Так или иначе, «болтались» туда-сюда все. Порой на тренировках Алых Стражников можно было увидеть Пая с Милианом и даже Джармина, а в библиотеку, пользуясь добрым расположением магистра Шарлу, порой заходили и Джуэл с Лайнувером (правда, сидели неизменно в разных концах читального зала).
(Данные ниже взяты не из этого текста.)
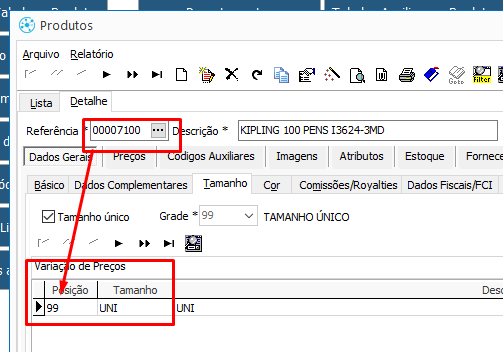 | 99 | Posição do tamanho |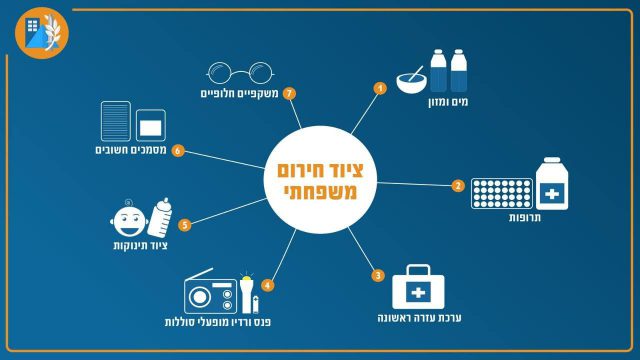 רשימת הציוד כוללת: מלאי מים של 3 ליטרים לאדם ליום למשך 72 שעות, מלאי מזון יבש ומשומר, אמצעי תאורה או פנס המופעלים על סוללות, אמצעים לקבלת התרעות ועדכונים – רדיו הפועל על סוללות, וסוללות ניידות לטלפונים ניידים, תרופות, ערכת עזרה ראשונה, מסמכים אישיים, תעודות וכסף מזומן, וציוד לתינוקות או בעלי חיים, בהתאם לצרכים של בני המשפחה.

По-другому обстояли дела у Балы и Косты. Бала с головой окунулся в жизнь рынка и таверны, куда стекались самые невероятные истории со всех уголков мира; где встречались интересные, а иногда и опасные люди. Общительного Мараскарана все это притягивало, как магнит. Он, хоть и не пил, но всегда брал кружку темного эля и числился добрым завсегдатаем. Многие специально приходили поглядеть на чернокожего воина с мечом без гарды и порасспросить его о Пути Сохраняющих Жизнь, а заодно и о Черных Островах.

Что касается Косты, то первую неделю он пропадал вместе с Паем и Милианом в библиотеке, читая отчего-то особо мрачные фолианты, вроде «Книги темных существ», и одиноко упражнялся с деревянным мечом по утрам, пока его никто не видел. Но потом у него обострилась старая хронь, кашель из поверхностного превратился в мокрый и булькающий грудной и уже не помогал, а только переворачивал застоявшееся в легких болото.

Коста отнесся к этому стоически, отказавшись от помощи и заявив, что так у него бывает и что скоро должно пройти. Болезнь он пережидал безмолвно и терпеливо, как старый кот. Насколько же привычными должны стать подобные страдания, чтобы заставить двенадцатилетнего мальчишку относиться к ним так спокойно?!.

Коста в основном лежал, завернувшись в одеяло, и бесконечно смотрел, как рисует Джармин. Разговаривать Оллардиан младший вообще перестал — так, видимо, ему было тяжело.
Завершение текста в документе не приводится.